More than 400,000 Spanish families have been evicted from their homes since 2008
Having identified the problem and made their voices heard, the indignados knew they couldn’t be camped out in the town squares forever, and soon faced the question posed by all the new global uprisings: how do you sustain momentum, or channel that democratic energy, once the placards have been put away? When the protest camps finally closed in the summer of 2011, 15M did two things: first, its members used their new contacts, energy and knowledge to join in concrete campaigns with concrete demands – things like the eviction-stopping Platform for Mortgage Victims, Plataforma de Afectados por la Hipoteca, or the CUP in Barcelona, a new political party (now with 3 elected representatives) devoted to grassroots democracy. Secondly, 15M devolved into local neighbourhood chapters, threaded in to the local community, meeting every Saturday in small groups – usually just 20–30 people in a town square, discussing hyperlocal problems. For 15M Seville, the housing crisis was always going to be the first port of call.
More than 400,000 Spanish families have been evicted from their homes since 2008. In desperation, many have squeezed back into their parents or grandparents’ homes; three generations often forced to survive on one income, or one pension.

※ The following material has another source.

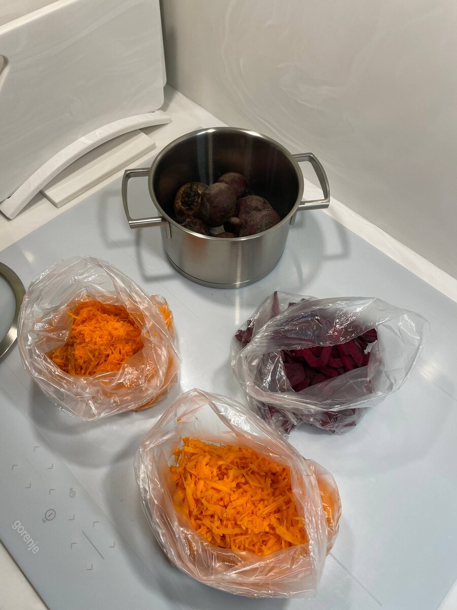 - Для свёклы: сначала отварить до готовности, охладить, очистить и нарезать; перед упаковкой удалить излишки влаги, использовать герметичные пакеты или контейнеры.

But what if even that is not an option? 15M Seville dedicated themselves to joining the dots between the homeless and the empty homes. One newly-finished tower block in Seville, owned by a now-bankrupt construction company, had lain empty for months, until activists took it over to house 36 families (including 40 children) evicted by their banks. This block is now famous as the Corrala Utopía, and in spite of having their electricity cut off, and having to draw water from a stand-pipe in the street, when I visited last year, the occupants were quite clear: this was not a squat – these were their new family homes, and they were going nowhere.
One of the occupiers we met, Toñi Rodriguez, had left her home voluntarily in 2011 because she was being taken to court; she just couldn’t afford the rent for her and her son. She placed her son with his grandmother, while she slept in the car – getting up at 6am every day to take him to school. ‘I thought I was going to lose him to the social services,’ she explained. ‘Back then the people from 15M were holding public assemblies in a square every day. A friend said that they might be able to help me.’ And help they did. After months of planning, on 14 May 2012 they occupied the empty block together and created Corrala Utopía; they have been there ever since. On the wall of the Corrala Utopía was a stencilled slogan: ‘Ni gente sin casa, ni casas sin gente’: neither people without homes, nor homes without people.
These discrete, piecemeal victories are the ones that matter to people’s everyday lives, but 15M had a deeper effect on its participants’ worldviews, too. I asked Emma Ortiz whether she thought a little anti-corruption legislation and a change of government could help Spain back on the right path; she didn’t hesitate for a moment. ‘No. Everything has to change. People have to understand this capitalist system is based on crisis. It doesn’t matter who is in charge, that is going to happen. How you want to make the changes can vary, but pretty much everybody wants everything to change. It’s that bad.’